### PROMPT
In the material below, find the line containing "Гель от тараканов" and the line containing "E vediamola allora". Output those two lines and all lines between them exactly, without pictures.

### DATA SUPPLIED
'''
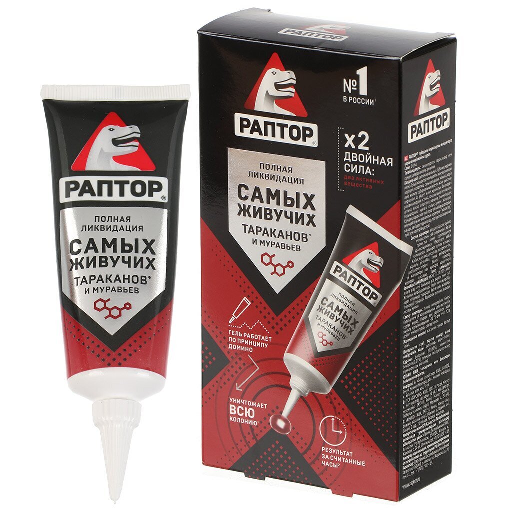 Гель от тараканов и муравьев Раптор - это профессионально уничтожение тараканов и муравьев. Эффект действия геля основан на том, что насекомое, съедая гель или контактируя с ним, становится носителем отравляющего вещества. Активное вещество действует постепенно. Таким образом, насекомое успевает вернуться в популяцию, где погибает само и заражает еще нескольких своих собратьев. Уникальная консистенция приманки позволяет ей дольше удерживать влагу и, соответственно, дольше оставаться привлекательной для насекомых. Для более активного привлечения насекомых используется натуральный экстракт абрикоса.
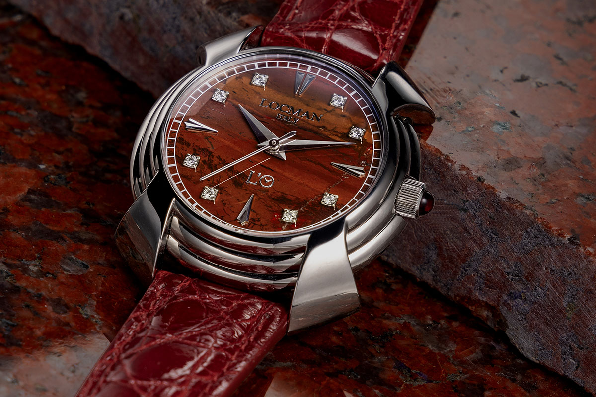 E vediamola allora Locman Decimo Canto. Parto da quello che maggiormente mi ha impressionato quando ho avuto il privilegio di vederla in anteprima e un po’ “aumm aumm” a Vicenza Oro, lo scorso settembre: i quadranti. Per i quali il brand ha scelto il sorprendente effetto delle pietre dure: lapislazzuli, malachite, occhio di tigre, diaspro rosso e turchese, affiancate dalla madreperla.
'''
'''
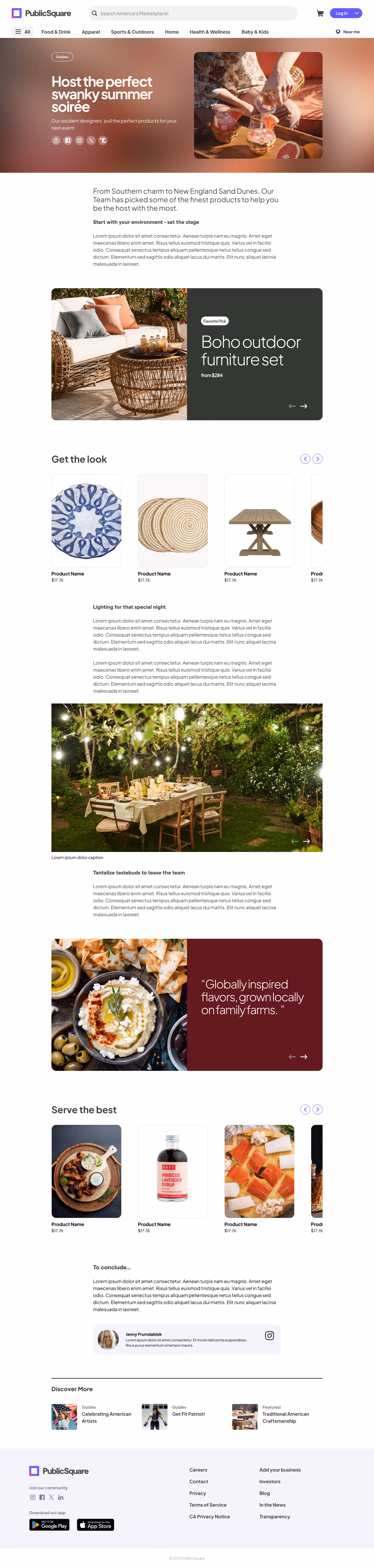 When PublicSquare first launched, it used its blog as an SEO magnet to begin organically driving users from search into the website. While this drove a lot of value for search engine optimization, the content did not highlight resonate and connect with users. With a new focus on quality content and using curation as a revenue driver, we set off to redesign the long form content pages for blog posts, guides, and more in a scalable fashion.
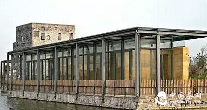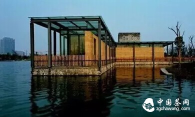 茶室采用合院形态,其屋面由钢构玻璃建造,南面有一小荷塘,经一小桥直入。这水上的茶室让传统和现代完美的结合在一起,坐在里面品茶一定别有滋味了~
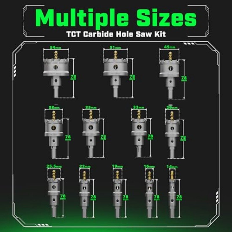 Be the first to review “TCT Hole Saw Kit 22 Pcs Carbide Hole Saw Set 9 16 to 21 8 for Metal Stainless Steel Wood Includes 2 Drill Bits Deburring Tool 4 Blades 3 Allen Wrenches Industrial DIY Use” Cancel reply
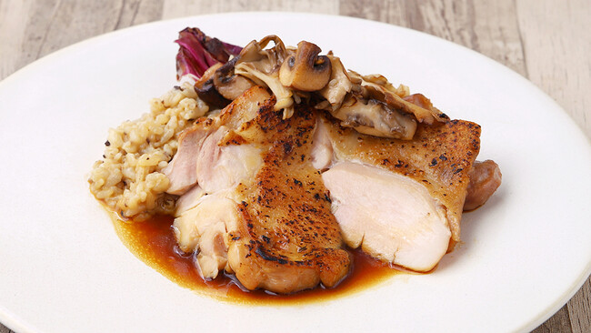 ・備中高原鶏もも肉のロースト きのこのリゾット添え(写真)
'''
### RESULT
 Гель от тараканов и муравьев Раптор - это профессионально уничтожение тараканов и муравьев. Эффект действия геля основан на том, что насекомое, съедая гель или контактируя с ним, становится носителем отравляющего вещества. Активное вещество действует постепенно. Таким образом, насекомое успевает вернуться в популяцию, где погибает само и заражает еще нескольких своих собратьев. Уникальная консистенция приманки позволяет ей дольше удерживать влагу и, соответственно, дольше оставаться привлекательной для насекомых. Для более активного привлечения насекомых используется натуральный экстракт абрикоса.
 E vediamola allora Locman Decimo Canto. Parto da quello che maggiormente mi ha impressionato quando ho avuto il privilegio di vederla in anteprima e un po’ “aumm aumm” a Vicenza Oro, lo scorso settembre: i quadranti. Per i quali il brand ha scelto il sorprendente effetto delle pietre dure: lapislazzuli, malachite, occhio di tigre, diaspro rosso e turchese, affiancate dalla madreperla.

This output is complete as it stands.